Starch graunules from transgenic wheat endosperm (left). Starch graunles from tomato pericarp at 14 days post-anthesis (right).
How the starch granule is assembled to form a semicrystalline supramolecule from glucose residues is enigmatic and fascinating. Plants are the only higher life forms capable of making starch and they provide almost half of all of the calories we eat. In addition, starch is extensively used as a biopolymer in various food and non-food applications. Currently, the market for biodegradable materials is broadening because it has social and political appeal.
Many aspects of starch granule synthesis are unknown but a complex interplay of the activity of starch biosynthetic enzyme isoforms that form functional complexes and, the chemical and physical conditions in the cell, likely plays key roles. We have a strong interest in modulating the fine structure of starch and in investigating its functional properties. We also believe that studying the physico-chemical structure of the granule during synthesis and deconstruction may help us to better understand metabolism.
Tomato plants used for eco-physiological measurements (Photo by Kietsuda Luengwilai)
Consumers value the sugars accumulated in fruit. Elevating tomato fruit sugars without compromising yields and fitness, however, has been a longstanding problem for breeders. To compound matters, fruit are often bred and then subsequently harvested and handled for postharvest longevity, which often decimates sugar content.
Our goal is to understand the cumulative factors (genetic, biochemical and physiological) that determine sugar accumulation in the fruit at market. In our view, this necessitates:
Fig 1. The Sugar Starvation Response in Plants (Dong & Beckles, unpublished)
Environmental stress reduces plant productivity, and poses a growing threat to global food security. Under momentary or sustained stress, leaf carbohydrates may become exhausted. This extreme carbon status is detected; activating signal transduction cascades that alter gene expression and enzyme activity. Biomolecules normally used for critical cellular functions are gradually degraded, replacing the depleted carbohydrates to permit immediate survival. This series of events is called the sugar starvation response (SSR) (Fig 1).
We have a strong interest in understanding how SS changes the way plants use carbon. Specifically, how this limited carbon store is partitioned into various metabolic pathways within a tissue, and how it is allocated from sources to sinks. A detailed investigation of carbon partitioning and allocation in response to SS will broaden our understanding of the events that enable plants to cope with episodic stresses, which could then lead to improved plant stress tolerance.
Fig. 2. Cherry tomato fruit harvested at breaker stage under chilling (2.5 and 5°C) and control (12.5°C) conditions for different lengths of storage. PCI compromises fruit’s ability to develop full color even after rewarming. (Albornoz & Beckles, unpublished data).
Tomato fruit stored at 0-12°C may experience postharvest chilling injury (PCI).
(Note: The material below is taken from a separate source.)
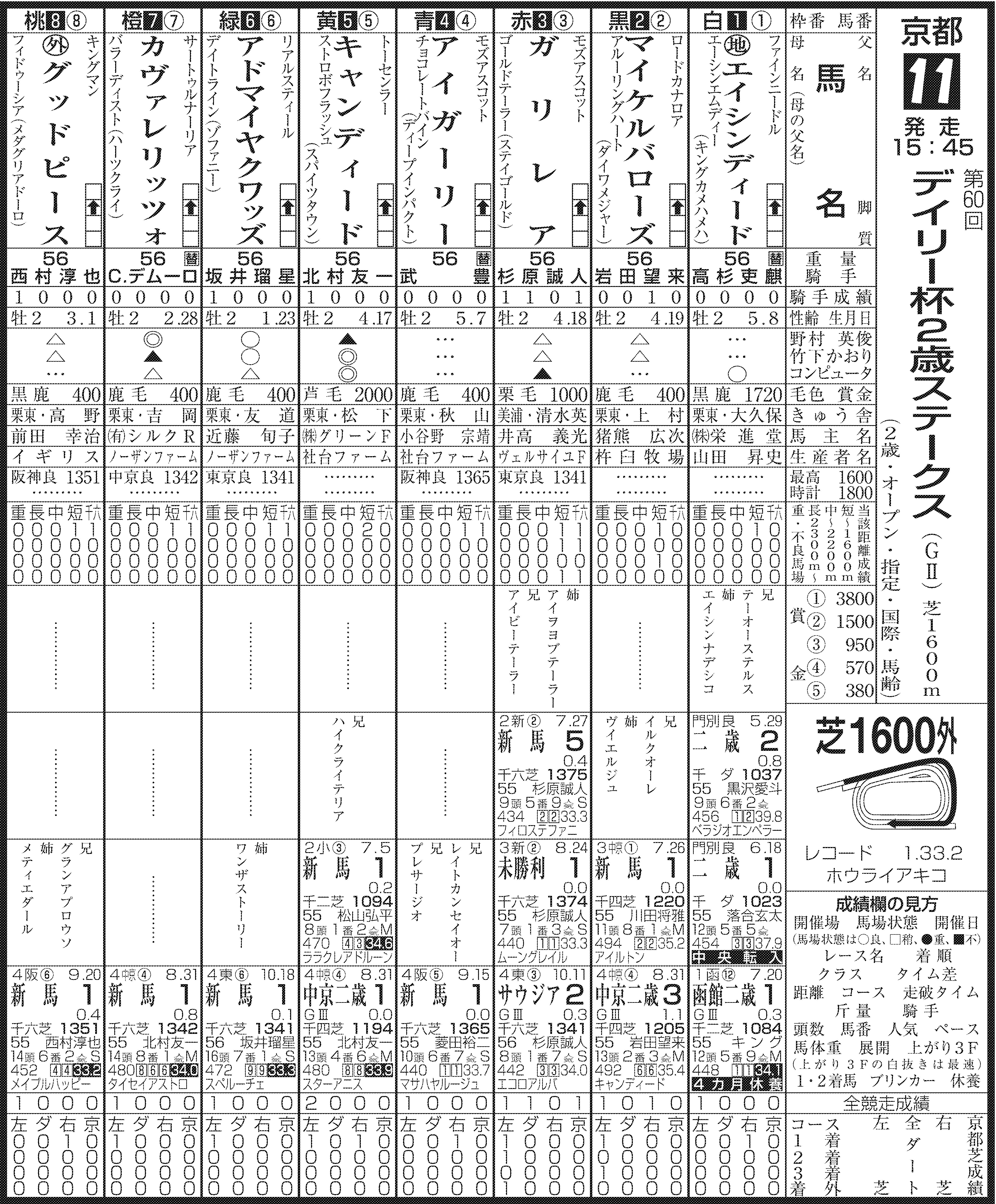 第60回デイリー杯2歳ステークス(15日・京都11R1600m芝8頭、GⅡ)

This is a complicated disorder that negatively affects fruit quality. Symptoms are usually detected when the fruit is brought back to room temperature, and vary from a lack of flavor and poor texture, to ripening abnormalities (Fig 1), surface pitting, tissue browning and fungal infestation. This leads to consumer dissatisfaction and increased postharvest losses.
Chilling causes dysfunction of the fruit cells. Membrane destabilization occurs, which is accelerated by the production of harmful, cold-induced molecules including reactive oxygen species. Over time, the stressed tissue loses its cellular compartmentation, and a series of downstream metabolic and physiological impairments occur, damaging the fruit and compromising its quality and shelf-life.
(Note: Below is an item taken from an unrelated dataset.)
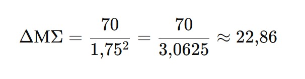 Για παράδειγμα, αν ζυγίζεις 70 κιλά και έχεις ύψος 1,75 μέτρα, ο υπολογισμός γίνεται ως εξής:

We are interested in understanding the early molecular events that lead to PCI in tomato fruit, as there are still gaps in our understanding of the signal transduction pathways. This could help to develop effective solutions to this disorder, which currently limits options for postharvest storage of tomato and other tropical and subtropical fruit.
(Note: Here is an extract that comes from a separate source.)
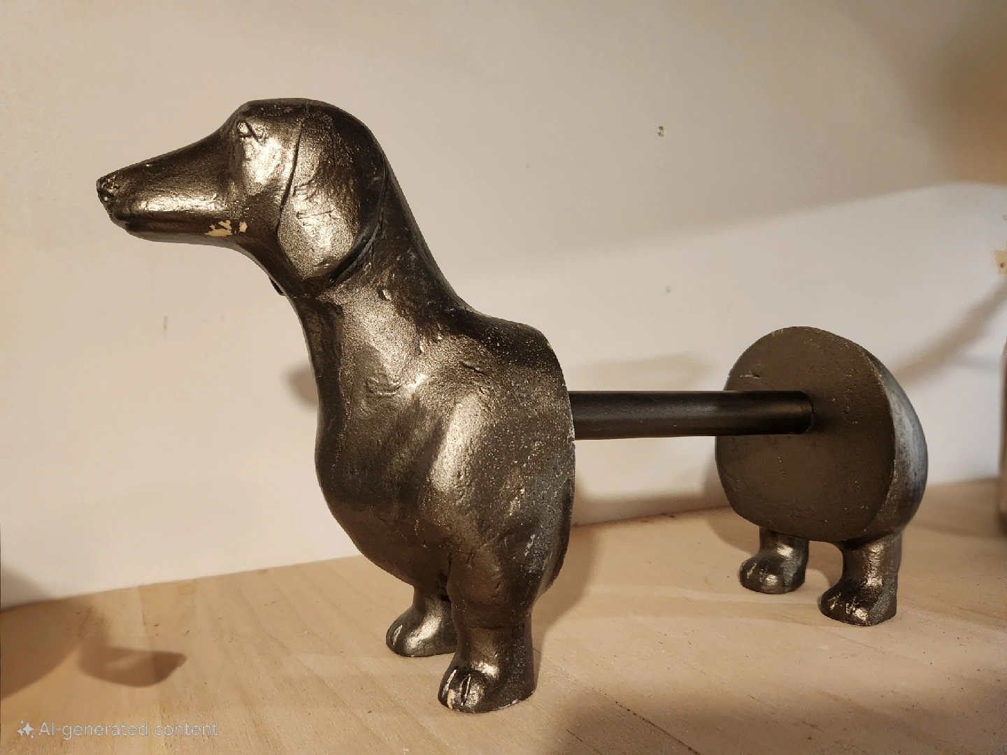 Here's a unique dachshund dog paper towel holder! It's a fun and quirky way to add some personality to your kitchen! It has a rustic, metallic finish that gives it a vintage look. There are some minor signs of wear, could use a quick touch-up, but it's still in good condition and ready to use

Aegilops crassa (goat grass) is a wild relative of wheat. For more information, see Uhlmann, N.K. & Beckles, D.M. (2010)
The starch and protein accumulated in wheat endosperm provide 20% of all calories eaten and are an important food source. High seed starch was a prime target of the selection that defined domestication 10,000 years ago and this has led to a smaller proportion of protein-to-starch in modern high yielding seeds.
There have been several attempts to rationally modify wheat grain starch and protein contents; however, it has proved very difficult to accomplish this because the synthesis of these compounds is interrelated with antagonistic effects. Therefore, identifying the regulatory mechanisms that control starch and protein accumulation is necessary for manipulating grain composition.
To study this we have made biochemical, transcriptomic and metabolomic comparisons of wheat grains that are altered in the balance of starch and protein including (i) wild vs. cultivated species (ii) transgenic grain and (iii) developing grain.